__WHAT TO DO__. Reproduce nothing beyond the line containing "Decenas de miles". From the first line of the data below down to it, copy each line exactly, without the pictures.
┌─ SUPPLIED RECORDS
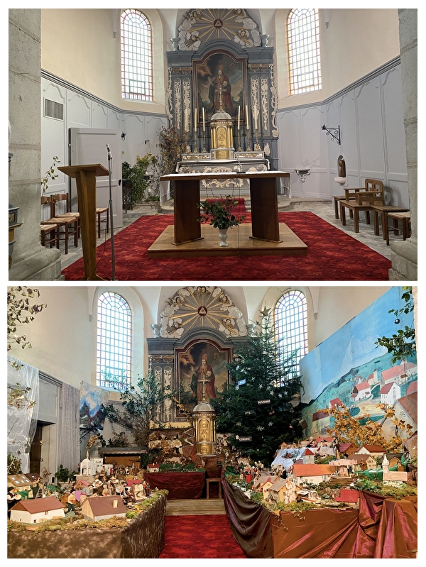 Elke dag tentoonstelling van een geanimeerde kerststal. gratis toegang, 2 euromunt voor het mechanisme, geanimeerde kerstmannen uit de ambachten van weleer, reconstructie van het dorp in miniatuur, animeo kerststal.
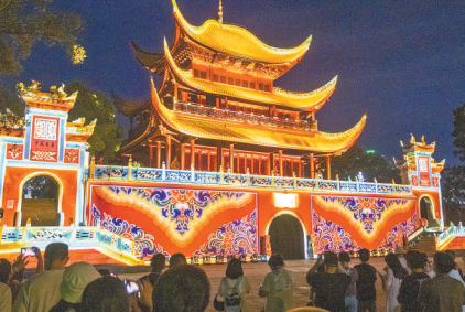 湖南省岳阳市岳阳楼景区上演《今上岳阳楼》实景演出。吴永华摄
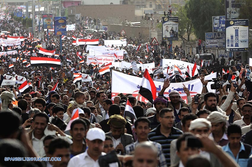Decenas de miles de yemeníes a favor y en contra del gobierno organizaron hoy manifestaciones en Saná, capital de Yemen, mientras aumentan las tensiones tras el fracaso de las conversaciones entre el gobierno y el grupo chiita houthi.
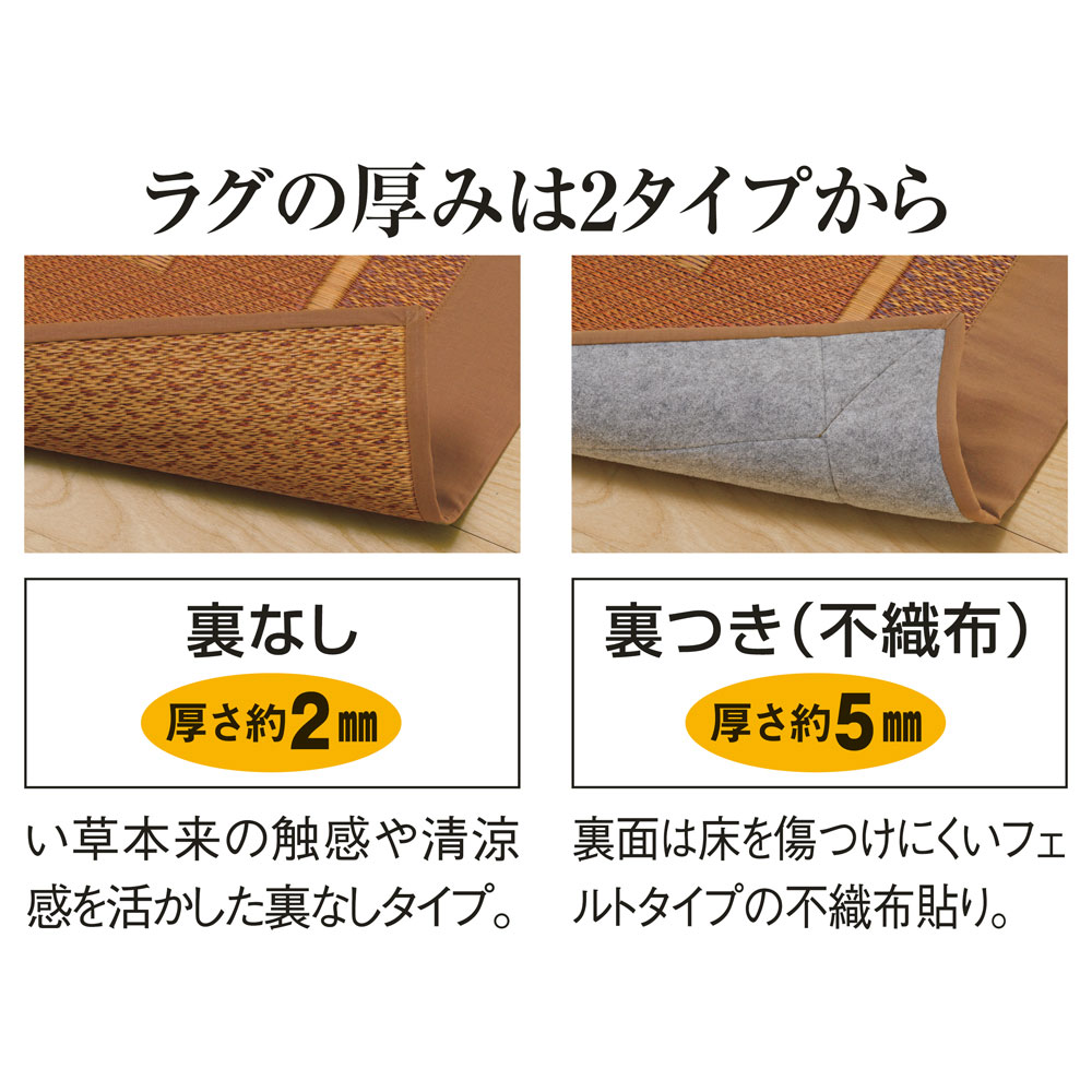 【裏なし・厚さ約2mm】い草本来の触感や清涼感を活かした裏なしタイプ。
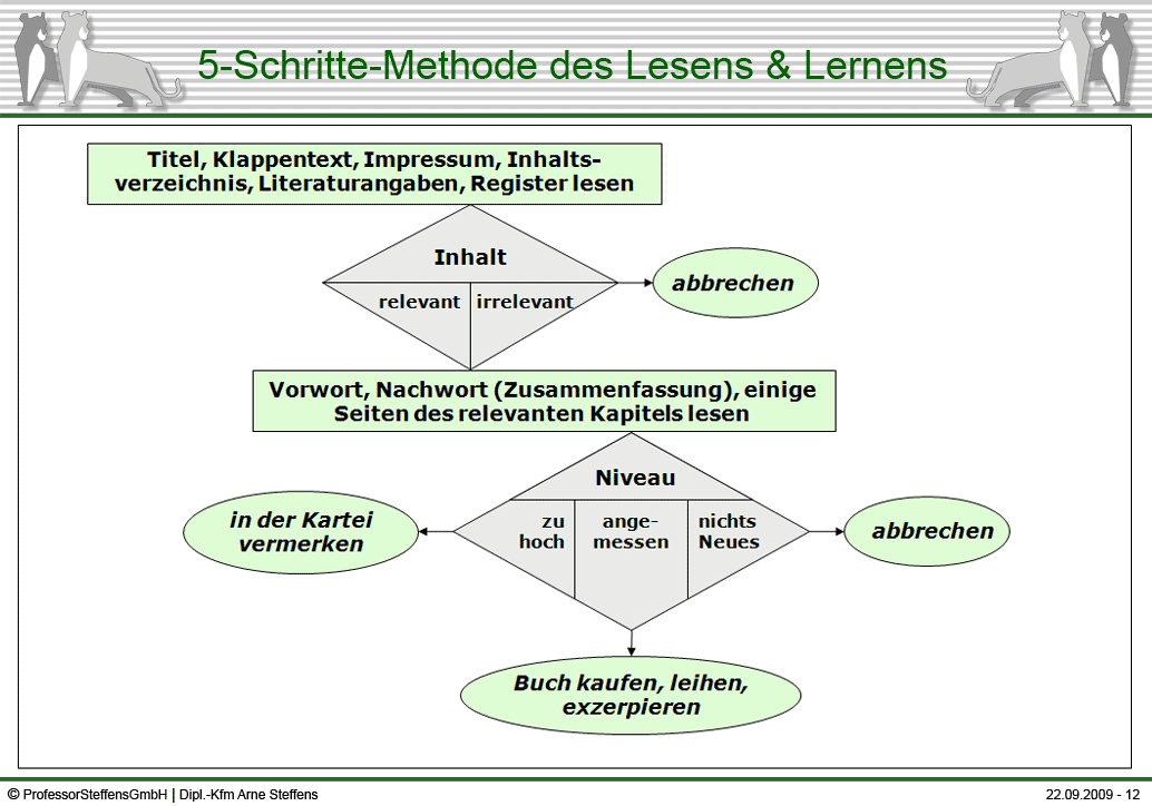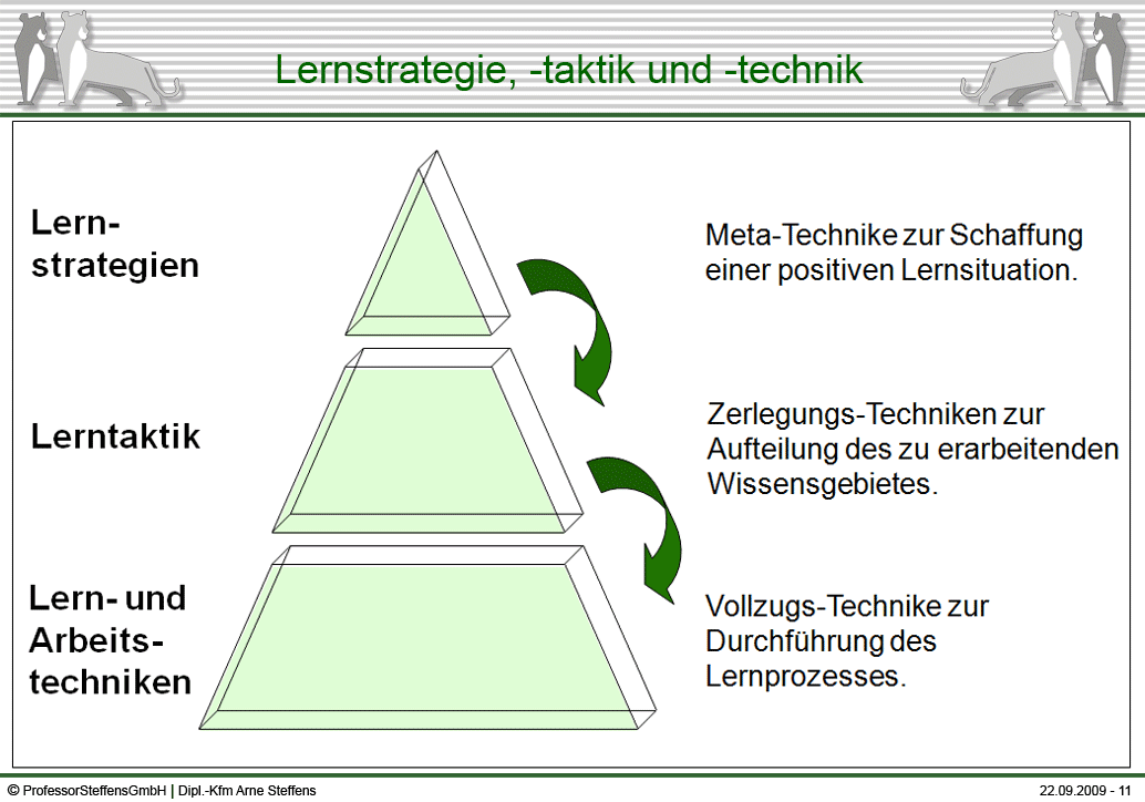Wissensmanagement ist in aller Munde. In der Fachliteratur und Fachpresse liegt der Fokus hierbei auf Modellen zur Beschreibung, Bewertung und Verbreitung von Wissen. All diese theoretischen Modelle grenzen aber die wesentlichen Probleme und das Hauptziel aus: den Menschen. In diesem Seminar geht es darum wie Sie ihr individuelles Wissensmanagement verbessern können und es in Einklang bringen mit dem Wissensmanagement Ihrer Unternehmung. Wesentlich hierfür sind Lern- und Arbeitstechniken. Lern- und Arbeitstechniken sind Methoden, die dem Aufnehmen, Verarbeiten und Weitergeben von Wissensstoff, der sinnvollen Planung der Zeit sowie der rationellen Erledigung der anfallenden Arbeiten, dienen.
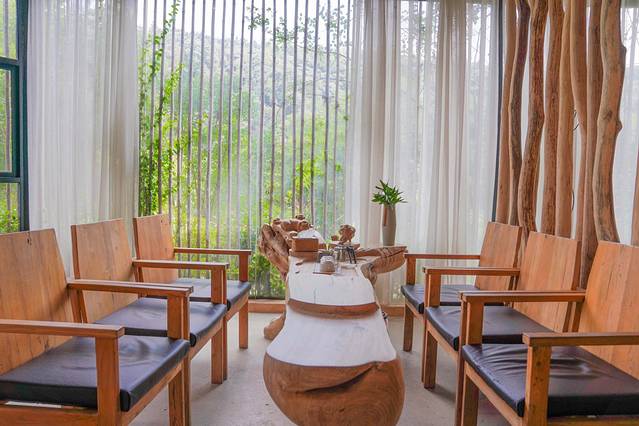 住在这里,能够随时感受山间野去落地玻璃窗可远观远处翠绿群山目之所及是一片葱葱郁郁的竹海松林有一种莫名的力量让烦嚣的心沉静下来宁静致远的意境,悠然而至。我想这大概就是“隐之大野,居之山林”的真谛吧。
└─
__RESPONSE__.
 Elke dag tentoonstelling van een geanimeerde kerststal. gratis toegang, 2 euromunt voor het mechanisme, geanimeerde kerstmannen uit de ambachten van weleer, reconstructie van het dorp in miniatuur, animeo kerststal.
 湖南省岳阳市岳阳楼景区上演《今上岳阳楼》实景演出。吴永华摄
Decenas de miles de yemeníes a favor y en contra del gobierno organizaron hoy manifestaciones en Saná, capital de Yemen, mientras aumentan las tensiones tras el fracaso de las conversaciones entre el gobierno y el grupo chiita houthi.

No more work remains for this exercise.